To do> Restate word for word the lines between the start of the material and the line with "新華社記者 張汝鋒 攝", keeping both of those ends and none of the pictures.

Input data>

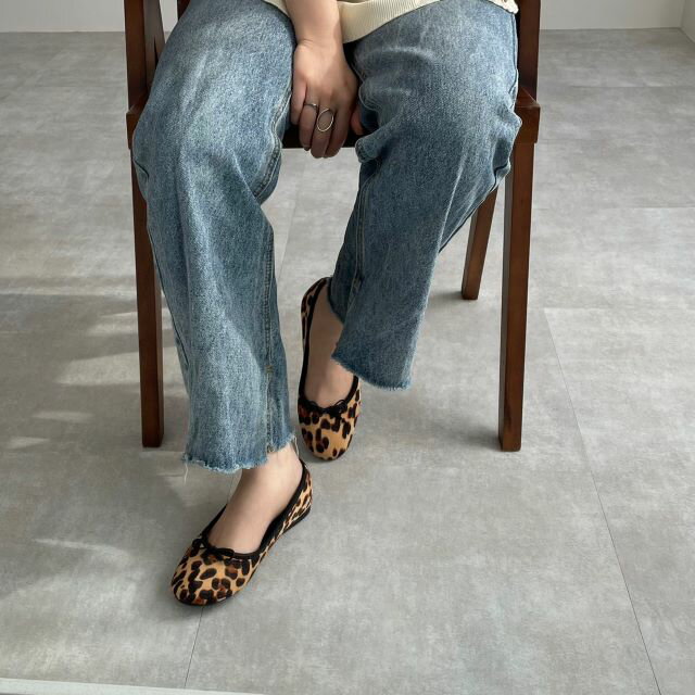 レオパード ヒョウ柄 バレエシューズ ベージュ/ブラウン
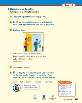 Students have ample opportunity to practice hearing and saying the new vocabulary, working from controlled to open-ended activities.
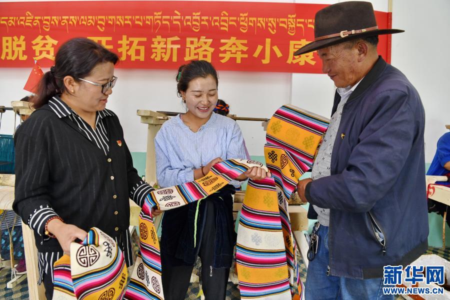 2020年7月6日,西藏扎囊縣吉汝鄉(xiāng)扎西林村駐村工作隊(duì)隊(duì)長央珍(左)、黨支部書記旺扎(右)和專業(yè)合作社社員次旺曲珍查看民族手工業(yè)(邦典)質(zhì)量。 新華社記者 張汝鋒 攝
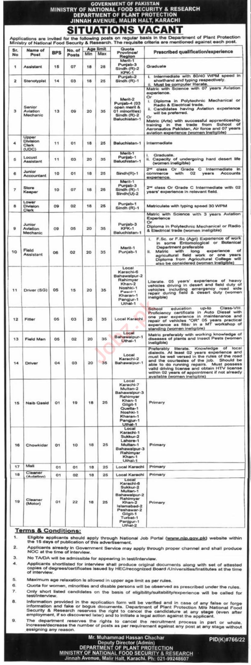 Vacant posts including mali, cleaner aviation, naib qasid, assistant, field assistant, aviation mechanic, chowkidar, driver, accountant, store keeper, fitter, lower division clerk, steno typist, locust assistant, upper division clerk, cleaner motor and field man are announced in Ministry of National Food Security & Research MNFSR Karachi, karachi Sindh Pakistan as per 25 September 2022 advertisement in daily Daily Pakistan Newspaper. Primary, Matric, Others, Middle, Bachelor and Intermediate etc. educational qualification will be preferred.

Solution below>
 レオパード ヒョウ柄 バレエシューズ ベージュ/ブラウン
 Students have ample opportunity to practice hearing and saying the new vocabulary, working from controlled to open-ended activities.
 2020年7月6日,西藏扎囊縣吉汝鄉(xiāng)扎西林村駐村工作隊(duì)隊(duì)長央珍(左)、黨支部書記旺扎(右)和專業(yè)合作社社員次旺曲珍查看民族手工業(yè)(邦典)質(zhì)量。 新華社記者 張汝鋒 攝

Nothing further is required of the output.